Write p: ℤ → R for the canonical morphism, and also write p: ℤ^m → R^m. Write A and B for integer matrices representing A' and B' respectively, and not that this makes p a chain map. We begin computing:

• ker B' = {p(v) : B'p(v) = 0 } = p({v : B'p(v) = 0 }) = p({v : pBv = 0 }) = p({v : Bv ∈ qℤ^k })

Write the Smith normal form SBT=D for B. Then Bv ∈ qℤ^k holds iff S⁻¹DT⁻¹v ∈ qℤ^k, which holds iff DT⁻¹v ∈ qℤ^k. The set of such v is T(D⁻¹(qℤ^k)), where D⁻¹ denotes preimage. Because D is diagonal, this can be computed explicity: D⁻¹(qℤ^k) = E ℤ^r, where E has as columns the nonzero vectors with a single entry q/D_ii. We conclude that the cycles are ker B' = pTE ℤ^r.

The homolgy is (pTE ℤ^r)/(pAℤⁿ). For the purpose of only working with integer matrices, we can quotient out by the modulus q (via the map p) and by the boundaries Aℤⁿ simultaneously: the homology can be computed as (TE ℤ^r)/(Aℤⁿ + qℤ^m). We can write this as (TE ℤ^r)/([A|qid]ℤ^m+n) with a block matrix. Now our homology is

• (TE ℤ^r)/(TT⁻¹[A|qid]ℤ^m+n) = [T] (E ℤ^r)/([T⁻¹A|qid]ℤ^m+n) = [T][E] (ℤ^r)/(F ℤ^m+n) = [T][E] (coker F).
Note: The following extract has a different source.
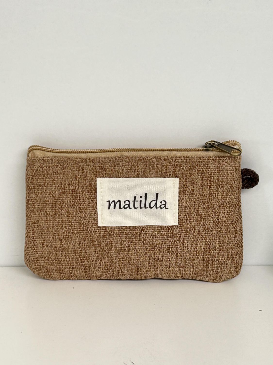 Monedero con cierre de cremallera y asa o correa. Ideal para guardar monedas y pequeños accesorios.

Above, [T]([v]) := [Tv], i.e., [T] is the map T descended to the quotient. Likewise for E. The matrix F is chosen so that EF=[T⁻¹A|qid], and is computed by dividing through each row by the corresponding entry of E and ignoring the zero rows corresponding to zero entries of E. Since T and E are injections, the homology is isomorphic to (coker F), so we can compute generators as above, and then translate them over to the appropriate vectors in ℤ^m via TE.